A simple HTML parser for Elixir that enables search for nodes using CSS selectors.
Floki is an HTML parsing library for the Elixir programming language that allows developers to search and manipulate HTML documents using CSS selectors. It solves the problem of extracting data from HTML by providing a familiar CSS selector syntax instead of requiring manual tree traversal.
Elixir developers who need to parse, query, or manipulate HTML documents, such as those building web scrapers, content extractors, or HTML processing tools.
Developers choose Floki for its simple Elixir-native API, comprehensive CSS selector support, and the ability to switch between different parser backends for optimal performance or correctness in their specific use case.
Floki is a simple HTML parser that enables search for nodes using CSS selectors.
Open-Awesome is built by the community, for the community. Submit a project, suggest an awesome list, or help improve the catalog on GitHub.

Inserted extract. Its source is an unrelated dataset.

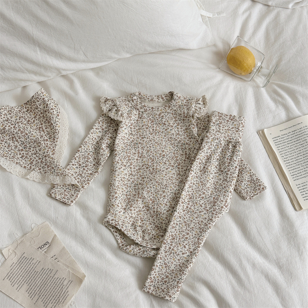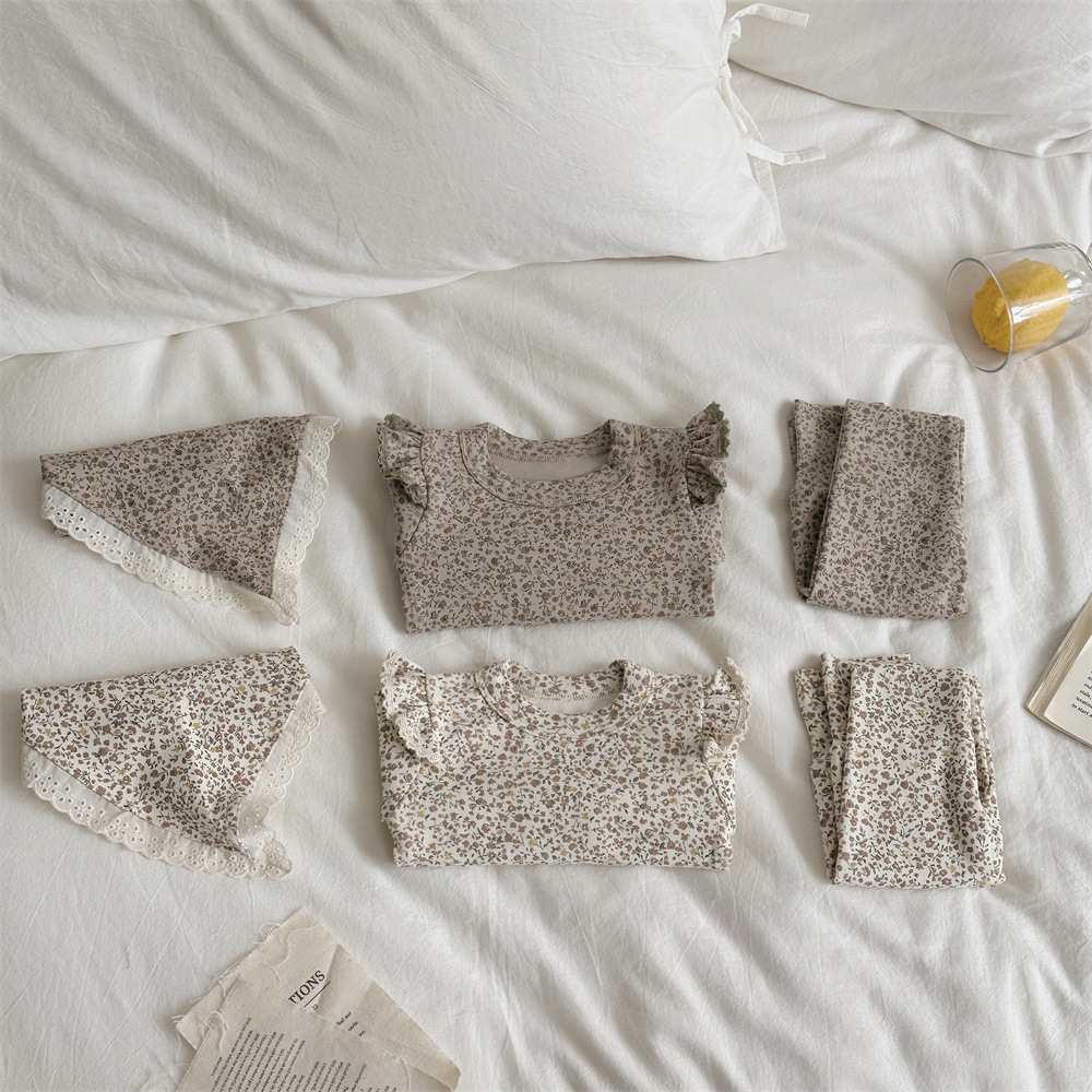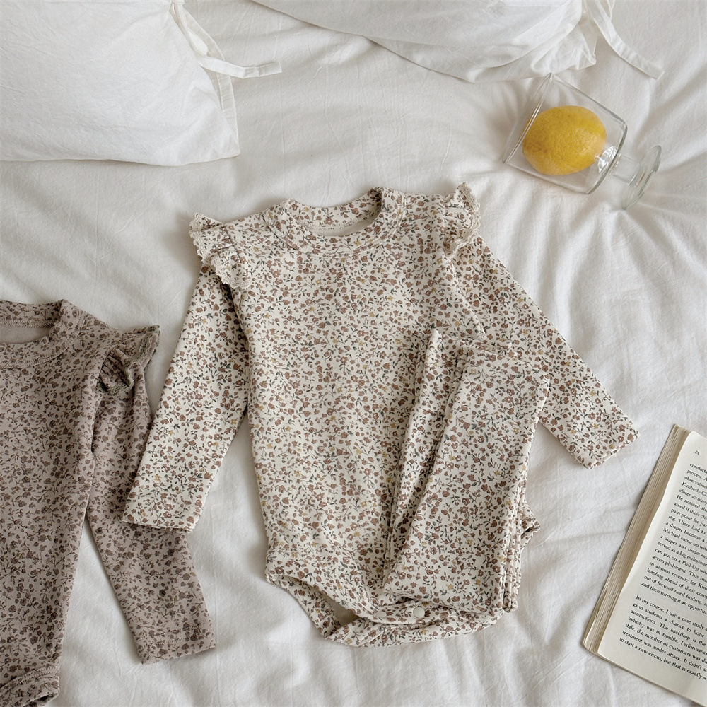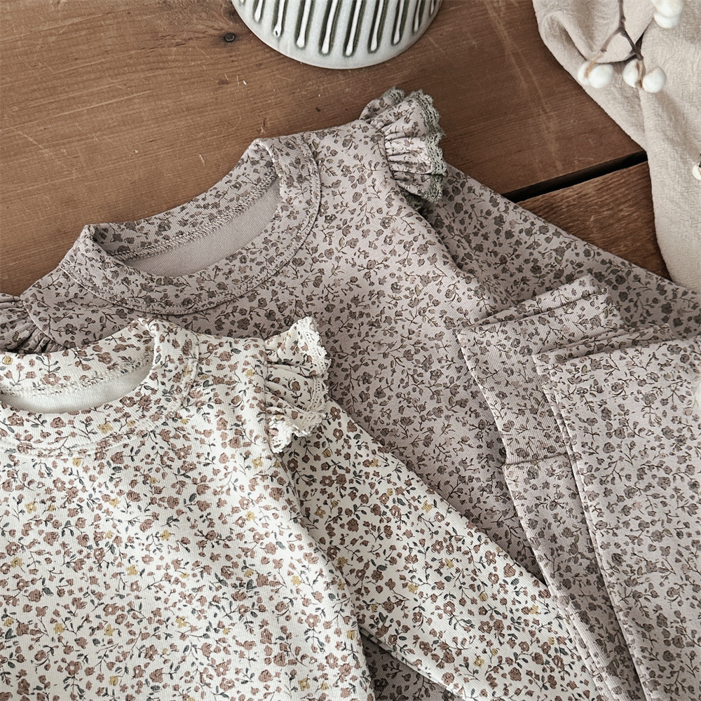 INS 가을과 겨울 유아 풀 프린트 플라워 플라워 슬리브 토끼 높은 허리 바지 여성용 홈 세트스토어 가기

Supports a wide range of CSS selectors including attribute selectors, pseudo-classes, and combinators, as detailed in the extensive selector table, making it versatile for querying HTML.
Allows switching between parsers like fast_html for performance (up to 20x faster) and html5ever for correctness, addressing limitations of the default mochiweb_html parser.
Provides intuitive functions such as find/2, attribute/3, and text/1, which are easy to use and integrate into Elixir workflows, as shown in the usage examples.
Represents HTML nodes as tuples {tag_name, attributes, children_nodes}, which aligns with Elixir's pattern matching for straightforward manipulation and extraction.
The built-in mochiweb_html parser is slower and can parse incorrectly per HTML5 specs, forcing users to opt for external parsers to avoid performance and correctness pitfalls.
Using the recommended fast_html parser requires installing C compiler, GNU Make, and CMake, adding significant deployment and setup complexity compared to pure-Elixir alternatives.
Pseudo-selectors like :has and :not only support simple selectors, restricting more complex querying scenarios that developers might expect from full CSS implementations.